** WORK TASK **
Copy out, unchanged, the entries below from the "zuhanyzós fürdőszoba 4,5" line to the final line. Omit pictures.

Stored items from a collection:
------------------------
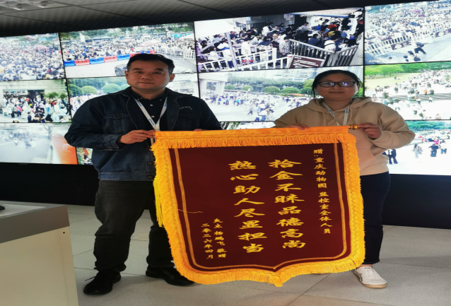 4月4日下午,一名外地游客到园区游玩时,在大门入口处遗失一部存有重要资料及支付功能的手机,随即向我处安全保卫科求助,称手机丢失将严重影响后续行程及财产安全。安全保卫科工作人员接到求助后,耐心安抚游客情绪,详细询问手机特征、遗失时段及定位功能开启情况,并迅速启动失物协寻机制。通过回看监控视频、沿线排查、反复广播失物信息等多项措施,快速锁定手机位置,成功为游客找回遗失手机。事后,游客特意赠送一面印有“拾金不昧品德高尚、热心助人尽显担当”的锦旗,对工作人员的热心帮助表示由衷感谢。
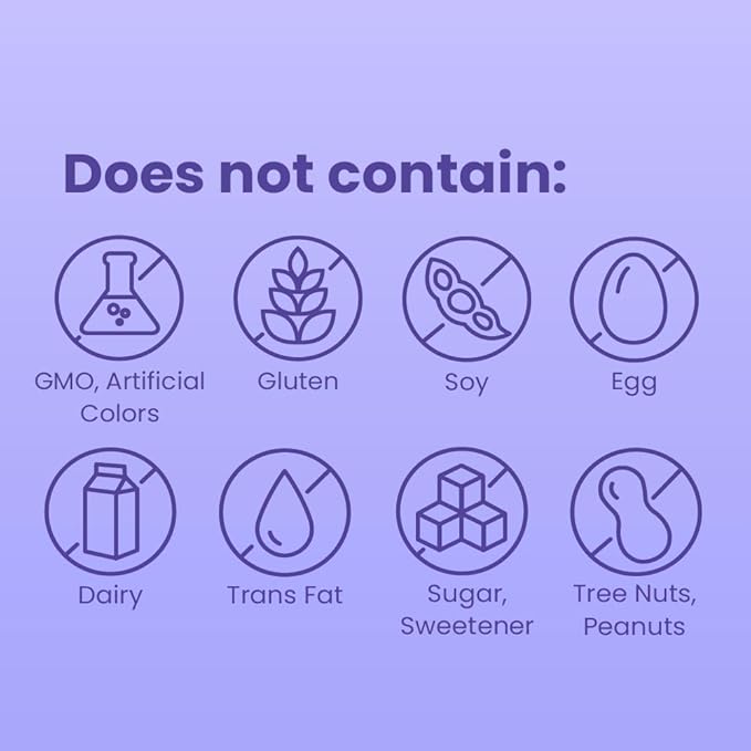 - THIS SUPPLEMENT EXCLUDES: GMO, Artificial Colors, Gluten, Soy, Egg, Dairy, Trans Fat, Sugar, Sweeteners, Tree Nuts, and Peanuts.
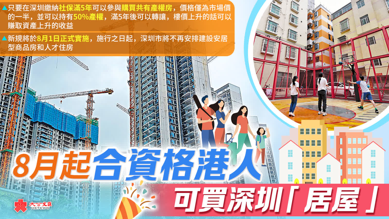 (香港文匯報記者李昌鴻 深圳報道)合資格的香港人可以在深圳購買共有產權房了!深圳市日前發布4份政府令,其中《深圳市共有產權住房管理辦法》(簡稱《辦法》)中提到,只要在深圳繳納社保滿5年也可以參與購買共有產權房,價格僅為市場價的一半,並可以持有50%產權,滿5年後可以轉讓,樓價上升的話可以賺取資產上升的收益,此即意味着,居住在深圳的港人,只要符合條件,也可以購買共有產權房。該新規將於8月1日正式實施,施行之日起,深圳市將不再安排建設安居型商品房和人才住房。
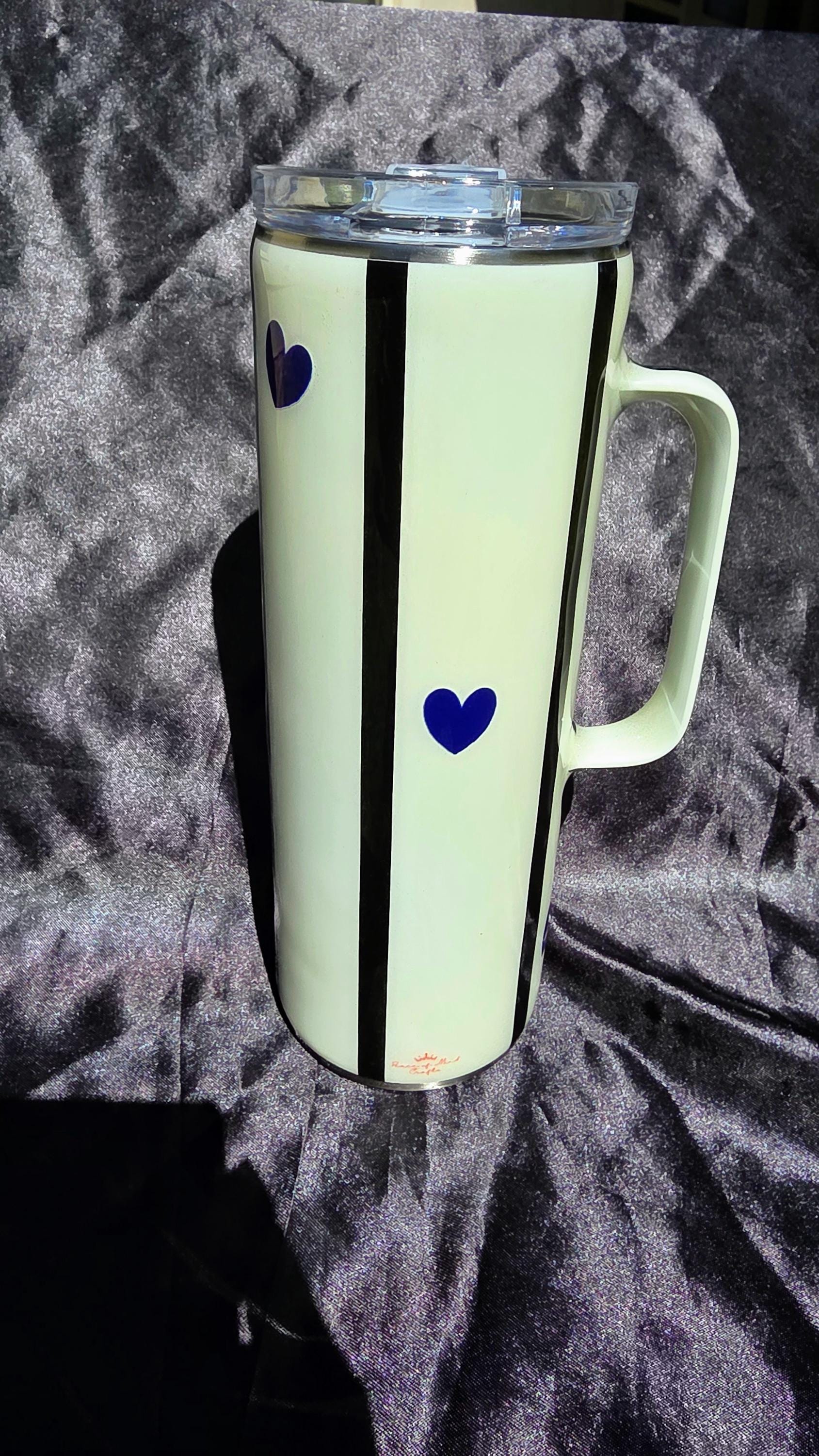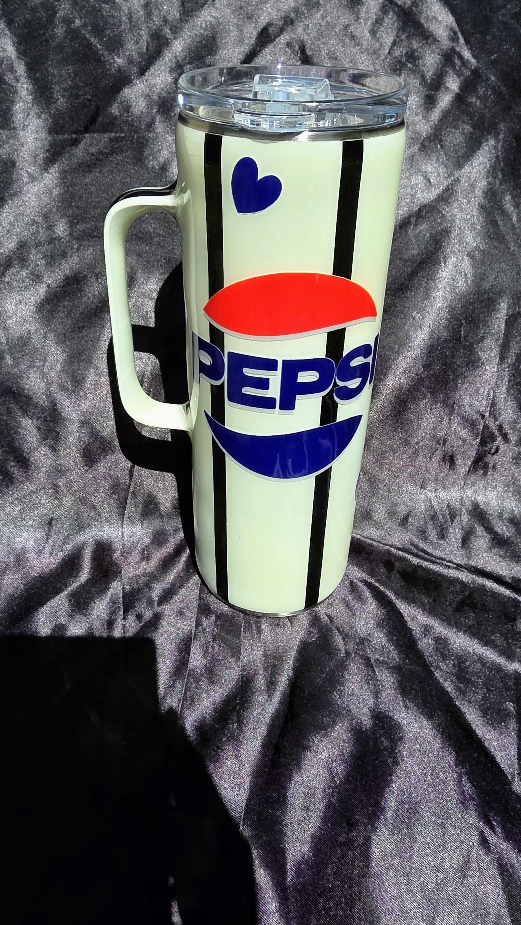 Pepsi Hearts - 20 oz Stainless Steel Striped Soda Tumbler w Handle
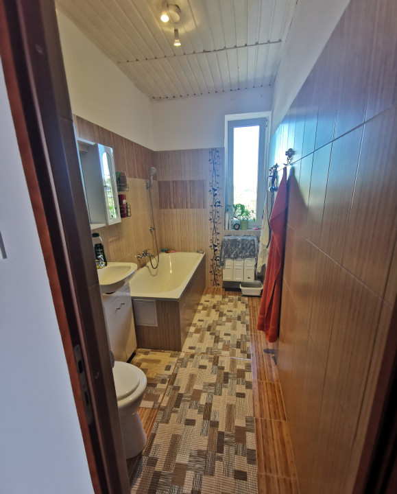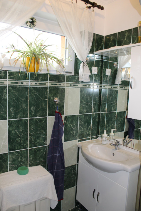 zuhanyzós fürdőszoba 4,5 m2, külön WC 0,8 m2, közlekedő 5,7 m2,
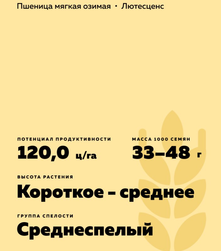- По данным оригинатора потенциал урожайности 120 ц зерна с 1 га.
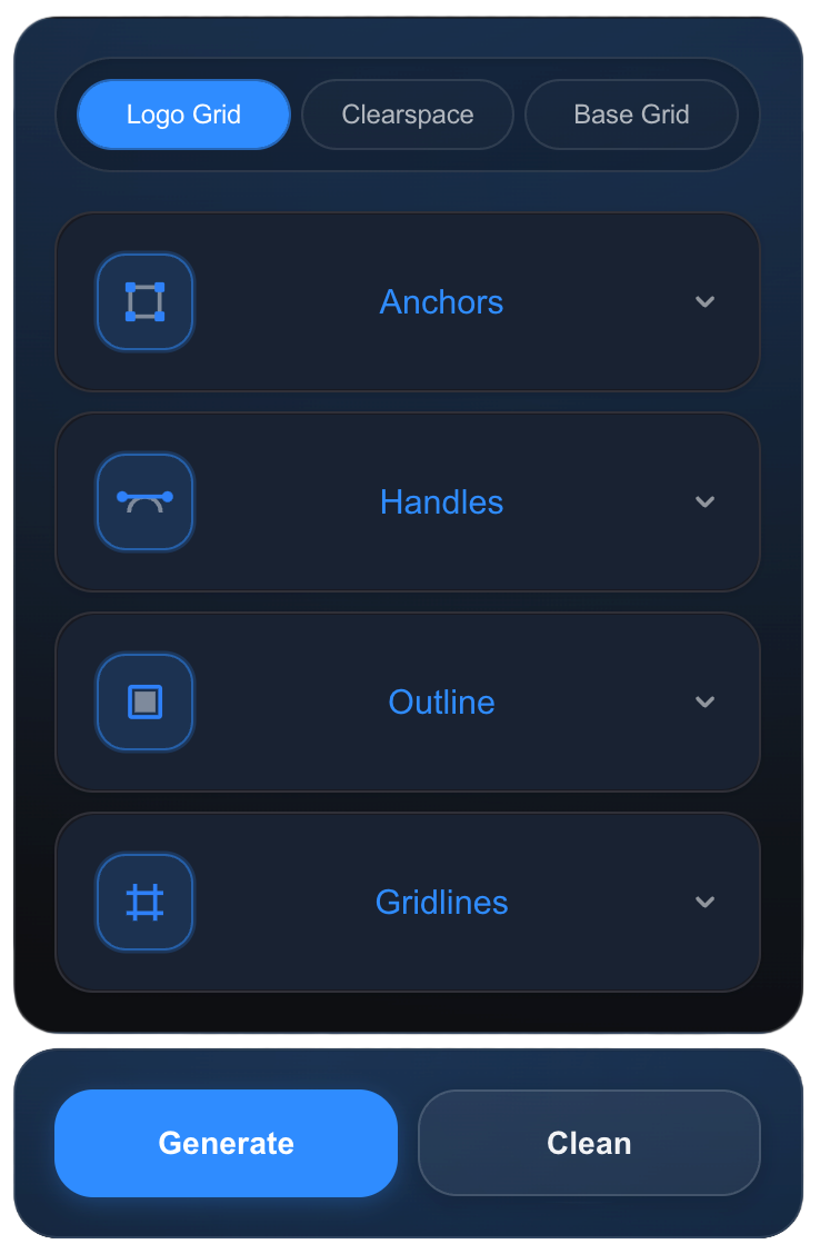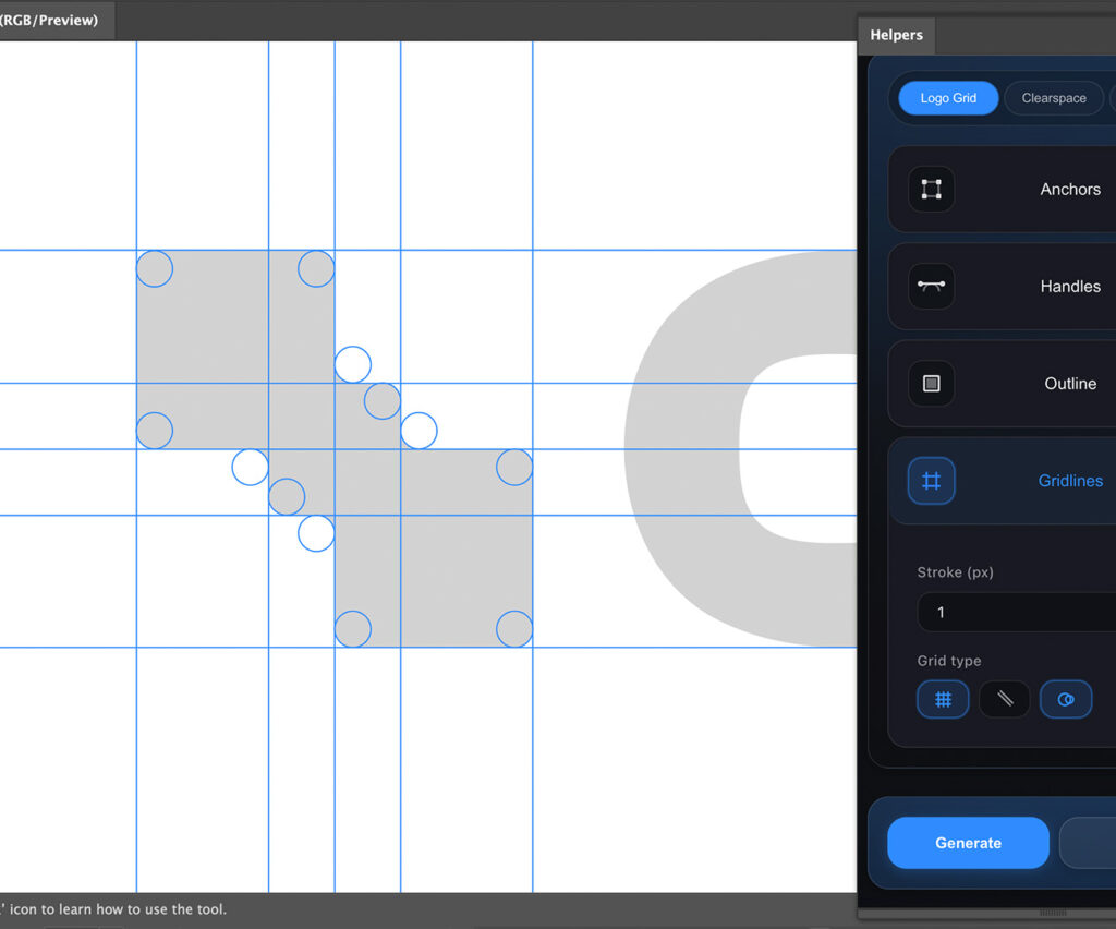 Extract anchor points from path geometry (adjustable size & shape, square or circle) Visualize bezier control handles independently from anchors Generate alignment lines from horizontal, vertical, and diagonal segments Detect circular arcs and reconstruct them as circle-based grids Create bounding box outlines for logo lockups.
------------------------
** EXERCISE SOLUTION **
 zuhanyzós fürdőszoba 4,5 m2, külön WC 0,8 m2, közlekedő 5,7 m2,
- По данным оригинатора потенциал урожайности 120 ц зерна с 1 га.
 Extract anchor points from path geometry (adjustable size & shape, square or circle) Visualize bezier control handles independently from anchors Generate alignment lines from horizontal, vertical, and diagonal segments Detect circular arcs and reconstruct them as circle-based grids Create bounding box outlines for logo lockups.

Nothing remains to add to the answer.